The Sci-Fi Watchlist – The Future of Tech
These companies represent brilliant technology, but they did not pass the filter to make it onto the main list. They are either burning too much cash right now or operating in a brutal hardware market.
Photonic Computing (Light): Current chips use electricity, which creates friction and massive heat. Photonics uses light (photons), which has no friction, is 30x faster, and uses almost no energy. It is the cure for the data center energy crisis. Marvell (MRVL) is building the light-pipes, while Coherent (COHR) and Lumentum (LITE) make the specialized lasers. They are building the future, but they do not have the irreplaceable monopoly power of a company like TSM yet.
Biological Computing (DNA Storage): Using synthetic DNA to store massive amounts of data in tiny spaces – think the whole internet in a shoe box. Microsoft is funding heavy research here, and companies like Twist Bioscience (TWST) are building the actual DNA strands. It is a brilliant science project, but still years away from being cheap enough to scale.

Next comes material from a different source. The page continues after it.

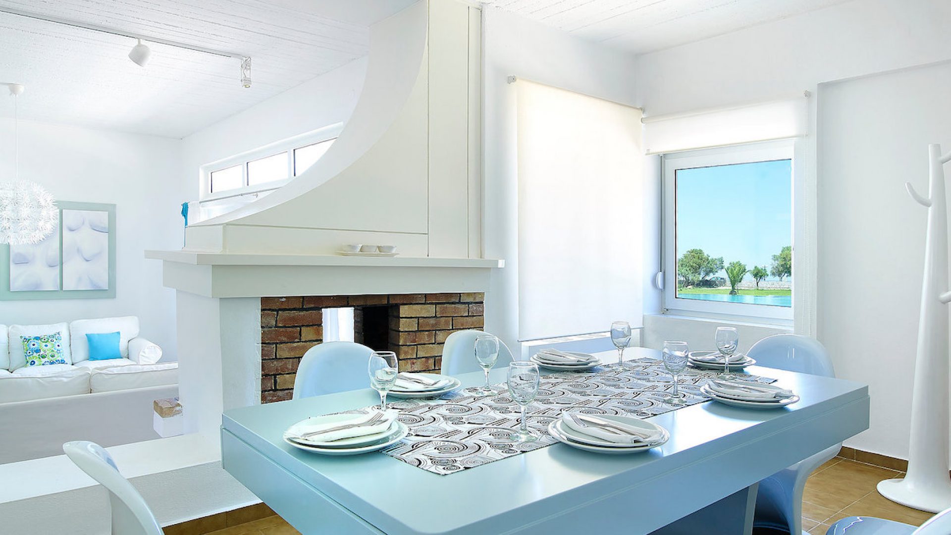2 dining rooms where 6 people in each of them can enjoy their meals having the constant view of the sea

That was Gemini, the AI owned by Google. Back to my own voice now:
I might try putting a small amount of skin in the game this time, just to see how the stocks behave in real life.
But I don’t recommend anyone to do the same.
I have no way of judging whether what AI gave me is genuinely useful, or too risky for anything involving real money.
For now, this stays what it started as: an experiment.